“I do not care what face other ages and other people have given to the enormous, faceless essence.”
The Saviors of God (1923)
Context: I do not care what face other ages and other people have given to the enormous, faceless essence. They have crammed it with human virtues, with rewards and punishments, with certain ties. They have given a face to their hopes and fears, they have submitted their anarchy to a rhythm, they have found a higher justification by which to live and labor. They have fulfilled their duty.
But today we have gone beyond these needs; we have shattered this particular mask of the Abyss; our God no longer fits under the old features.
Our hearts have overbrimmed with new agonies, with new luster and silence. The mystery has grown savage, and God has grown greater. The dark powers ascend, for they have also grown greater, and the entire human island quakes.
Let us stoop down to our hearts and confront the Abyss valiantly. Let us try to mold once more, with our flesh and blood, the new, contemporary face of God.

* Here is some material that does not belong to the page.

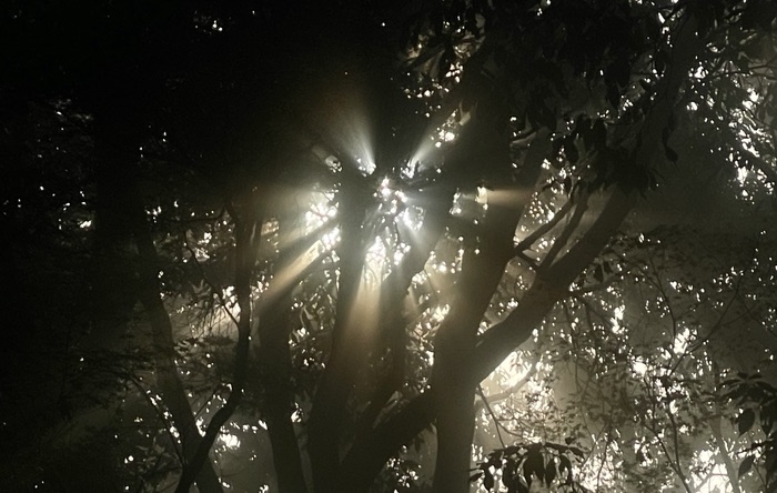 雲が立ち込める下界から山上へ。晴れ空になる境目、美しい光芒が見られ、皆で夢中に写真からを撮りました。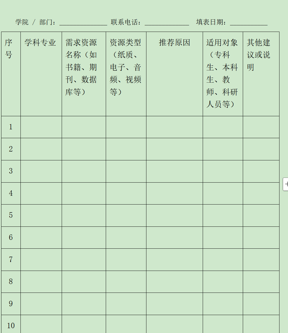 (一)请各学院、部门提前梳理本学科、部门的文献资源需求及对图书馆工作的意见建议。

For our God is not an abstract thought, a logical necessity, a high and harmonious structure made of deductions and speculations.
He is not an immaculate, neutral, odorless, distilled product of our brains, neither male nor female.
He is both man and woman, mortal and immortal, dung and spirit. He gives birth, fecundates, slaughters — death and eros in one — and then he begets and slays once more, dancing spaciously beyond the boundaries of a logic which cannot contain the antinomies.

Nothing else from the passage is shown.